Philip Shaw, B.M. B.Ch., Ph.D.
Social and Behavioral Research Branch
Neurobehavioral Clinical Research Section
B.M.B.Ch. (Medicine) Oxford University, 1994
Ph.D. University of London, 2006
31 CENTER DR
BETHESDA, MD 20892
The Neurobehavioral Clinical Research Section examines the interplay between genes and the environment in shaping the development of brain and behavior. A major focus of work conducted in the section is on attention deficit hyperactivity disorder (ADHD), one of the most common and heritable childhood mental health problems. ADHD affects around 5-10 percent of all children in the United States and the rates of diagnosis are increasing. While about a quarter of children with ADHD still have the disorder in adulthood, others will experience complete remission, yet we understand little of the factors driving this variable outcome. By combining tools from neuroscience, behavioral and social science, the group is addressing these questions. Their study is based in the Clinical Center of the NIH, and more than 500 children - 300 of whom have ADHD - are assessed every two years at the Clinical Center as they grow into adulthood.
The research of the section focuses on three primary areas. Firstly, researchers aim to identify factors that cause ADHD and contribute to its variable course. By imaging the brain, they identified variable patterns of brain development in adolescence that underpin different clinical outcomes in adulthood. They are now exploring how genomics contribute to these distinct brain trajectories. Secondly, they aim to unravel how the multiple social contexts in which a child is embedded, such as family and schools, interact with neurobiological and genomic factors in ADHD. Finally, they investigate how behavioral and pharmacological treatments for ADHD work in the brain and how treatment response is affected by a child's genotype.

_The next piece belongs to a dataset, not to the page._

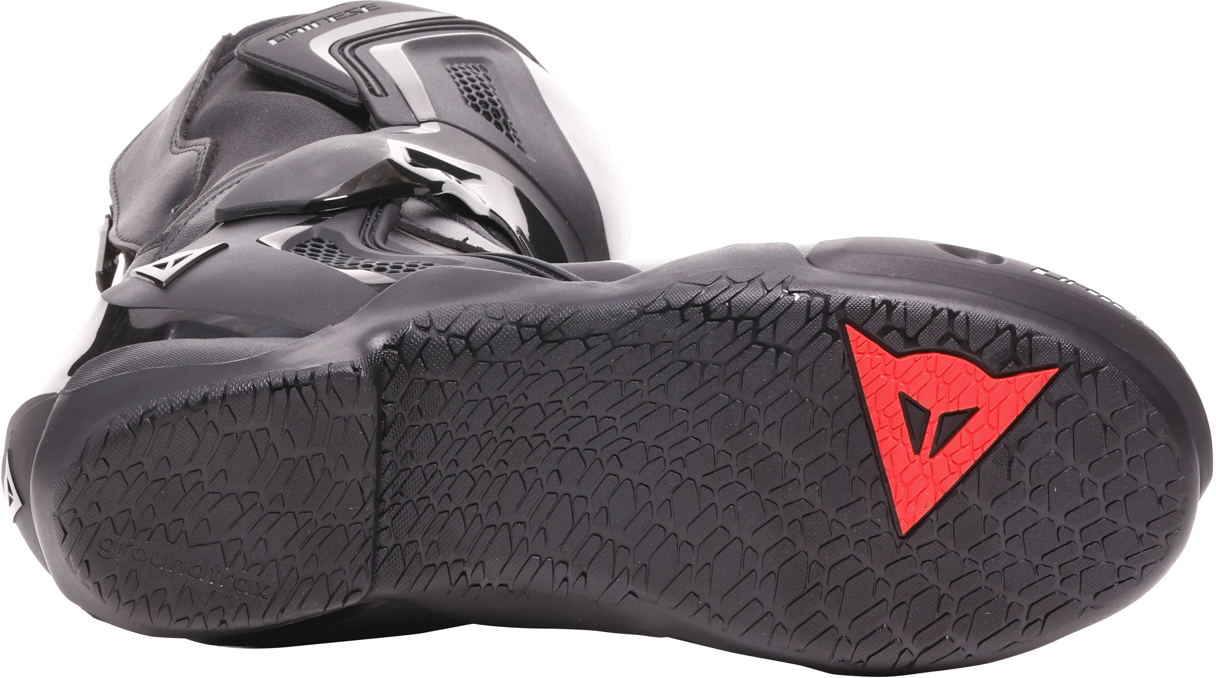 Le niveau de protection est complété par le curseur d’orteils, interchangeable avec les versions en métal ou en plastique, et la protection du sélecteur en TPU. La zone médiane du talon présente des finitions texturées pour une meilleure adhérence à la moto.

These studies are designed to inform clinical translation. Delineating the genomic and neurobehavioral factors which drive clinical course provides the foundation for tools to predict adult outcome in children with the disorder, allowing the focus of resources to be on those at risk for poor outcome. Understanding how treatments work in the brain could help the researchers develop new, more effective interventions.
Philip Shaw is an Earl Stadtman Investigator at the Neurobehavioral Clinical Research Section of the National Human Genome Research Institute in Bethesda, United States. His main interest is in the genetic and environmental factors that influence the development of brain and behavior. A focus of his work is the most common neurobehavioral disorder of childhood, attention deficit hyperactivity disorder. He has degrees in experimental psychology and medicine from Oxford University, and a Ph.D. in psychological medicine from the Institute of Psychiatry in London. He completed residencies in internal medicine and psychiatry in England, and is a member of both the Royal College of Physicians and the Royal College of Psychiatry.